## Task prompt
Leaving out pictures, output exactly the lines below from the one that has "MATH PROBLEM!! CAN" through the one that has "Tykes Motto pottery", and nothing else.

## Provided information
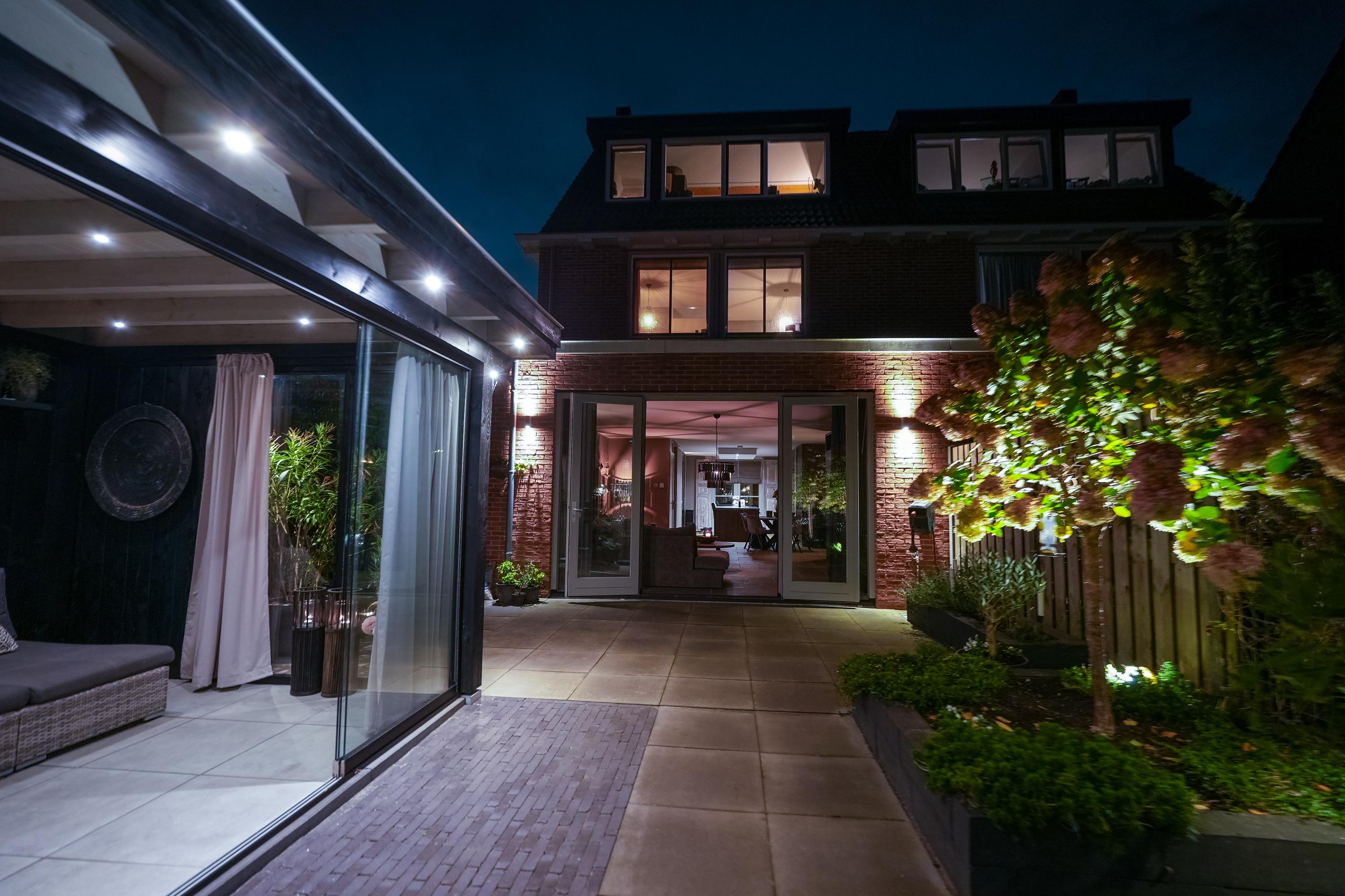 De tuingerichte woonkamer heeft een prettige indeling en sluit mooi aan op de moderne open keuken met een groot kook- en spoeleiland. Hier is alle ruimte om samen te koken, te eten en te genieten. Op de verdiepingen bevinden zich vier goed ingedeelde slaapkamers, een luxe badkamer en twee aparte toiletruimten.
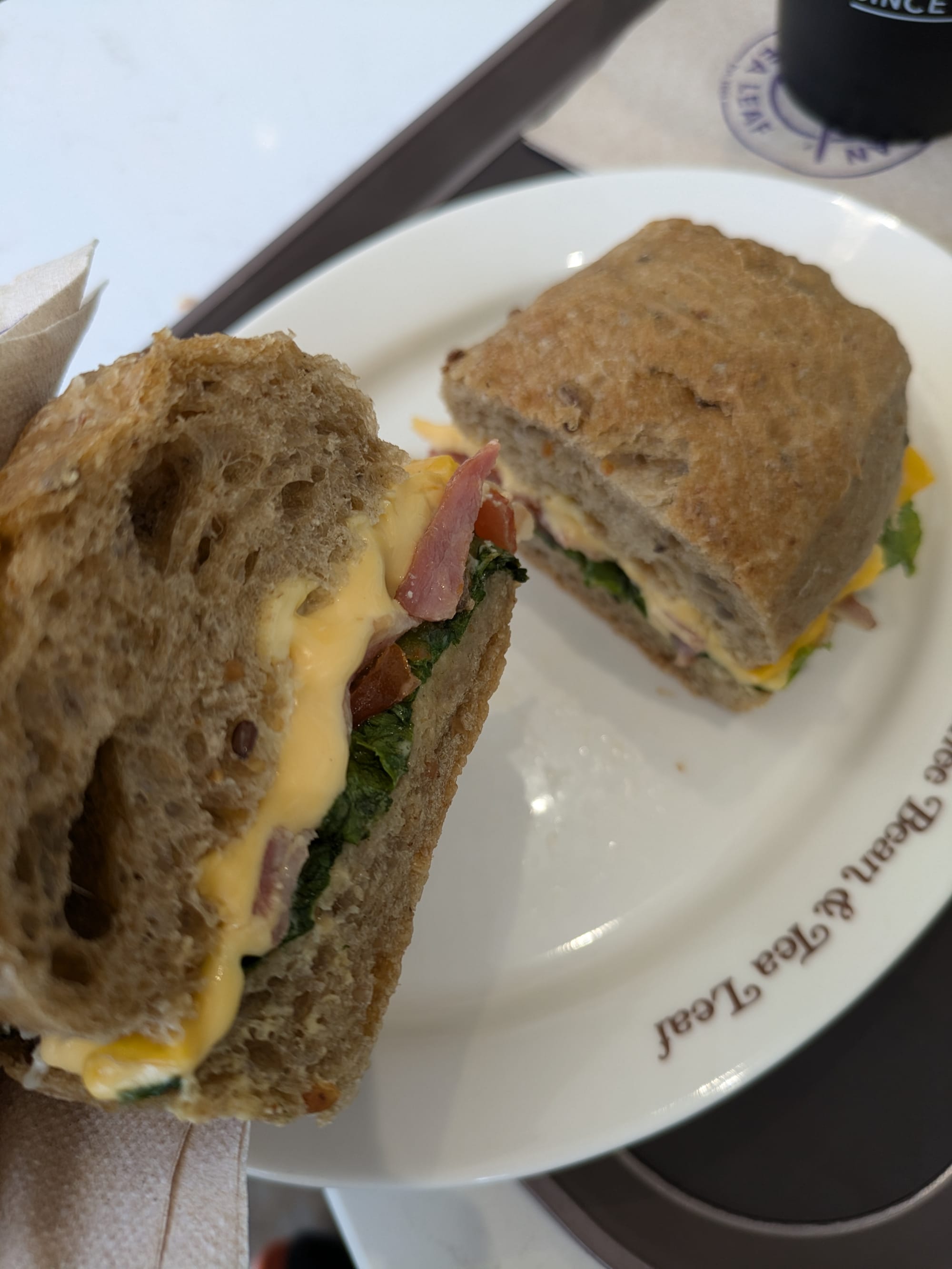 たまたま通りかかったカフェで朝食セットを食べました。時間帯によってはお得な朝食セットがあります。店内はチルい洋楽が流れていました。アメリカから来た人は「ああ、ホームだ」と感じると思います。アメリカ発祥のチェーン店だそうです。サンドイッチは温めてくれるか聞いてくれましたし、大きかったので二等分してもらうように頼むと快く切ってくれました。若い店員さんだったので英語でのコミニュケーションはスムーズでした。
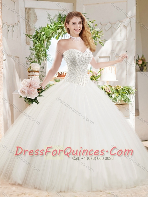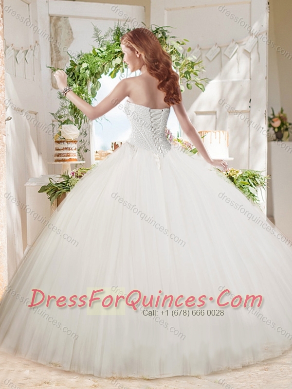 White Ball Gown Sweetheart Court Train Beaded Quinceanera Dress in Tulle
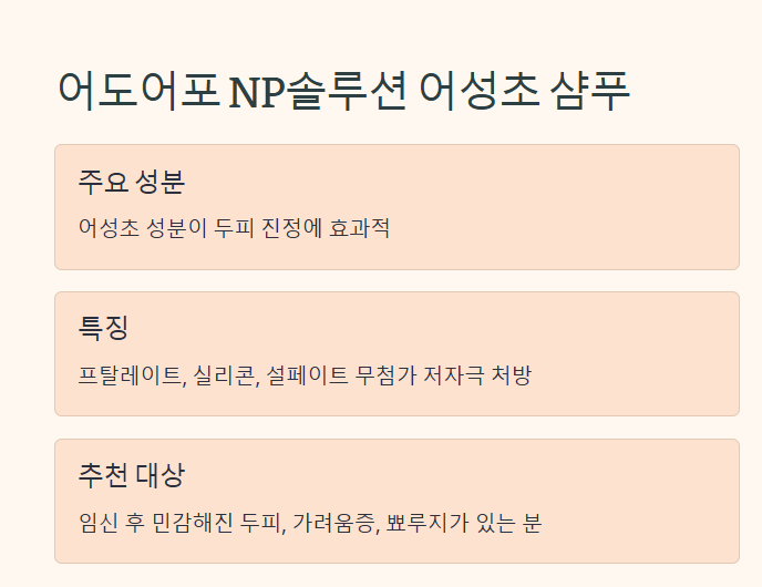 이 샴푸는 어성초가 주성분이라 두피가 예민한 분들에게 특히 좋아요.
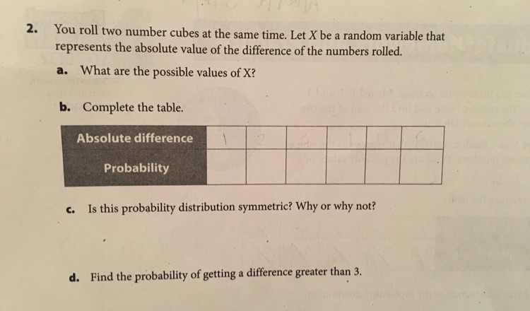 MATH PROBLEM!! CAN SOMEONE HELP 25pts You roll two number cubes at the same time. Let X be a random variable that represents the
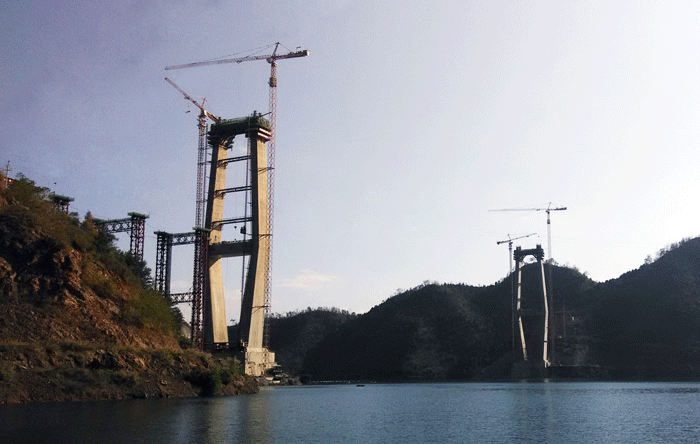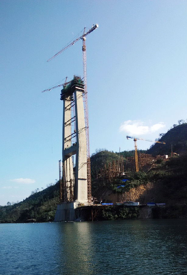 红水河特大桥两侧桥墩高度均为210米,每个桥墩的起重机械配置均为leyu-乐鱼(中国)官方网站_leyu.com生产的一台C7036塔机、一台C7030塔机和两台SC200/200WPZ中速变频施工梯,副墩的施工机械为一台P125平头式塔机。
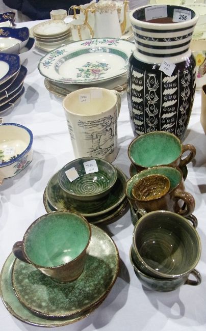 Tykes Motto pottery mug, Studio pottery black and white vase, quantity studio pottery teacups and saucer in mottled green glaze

==

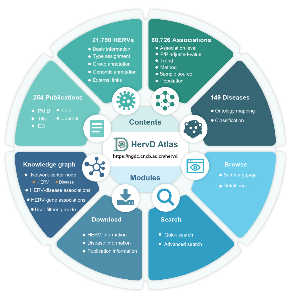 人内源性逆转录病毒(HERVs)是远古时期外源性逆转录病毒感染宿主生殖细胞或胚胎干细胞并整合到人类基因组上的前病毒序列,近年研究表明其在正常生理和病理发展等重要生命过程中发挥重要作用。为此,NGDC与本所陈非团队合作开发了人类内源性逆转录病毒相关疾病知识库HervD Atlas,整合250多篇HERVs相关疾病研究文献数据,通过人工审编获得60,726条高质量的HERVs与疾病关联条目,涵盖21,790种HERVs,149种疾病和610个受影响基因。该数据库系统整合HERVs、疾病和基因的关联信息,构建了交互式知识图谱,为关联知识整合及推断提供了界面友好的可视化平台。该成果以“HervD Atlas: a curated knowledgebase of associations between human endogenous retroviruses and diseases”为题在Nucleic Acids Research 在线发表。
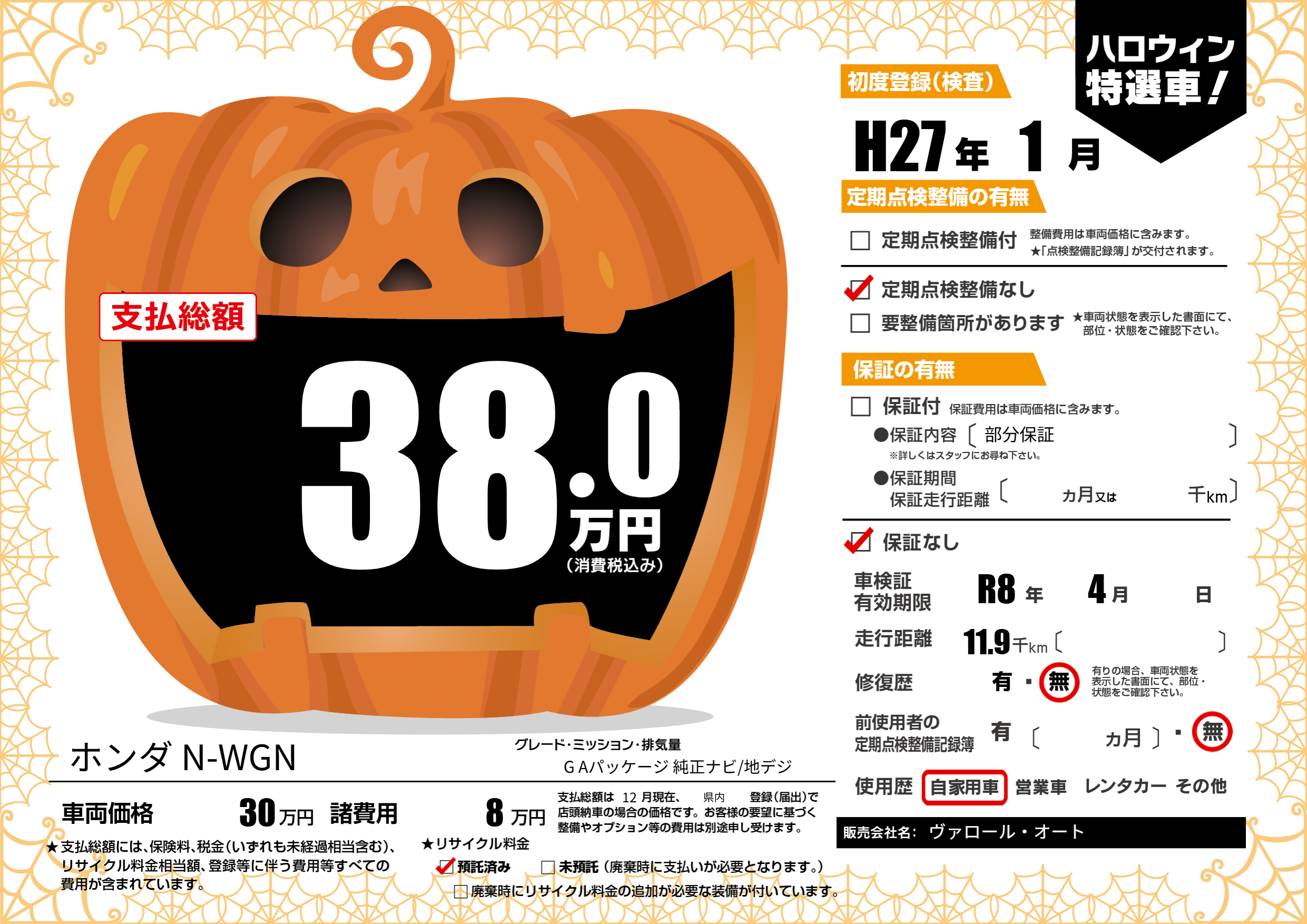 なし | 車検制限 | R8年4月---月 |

## Written answer
 MATH PROBLEM!! CAN SOMEONE HELP 25pts You roll two number cubes at the same time. Let X be a random variable that represents the
 红水河特大桥两侧桥墩高度均为210米,每个桥墩的起重机械配置均为leyu-乐鱼(中国)官方网站_leyu.com生产的一台C7036塔机、一台C7030塔机和两台SC200/200WPZ中速变频施工梯,副墩的施工机械为一台P125平头式塔机。
 Tykes Motto pottery mug, Studio pottery black and white vase, quantity studio pottery teacups and saucer in mottled green glaze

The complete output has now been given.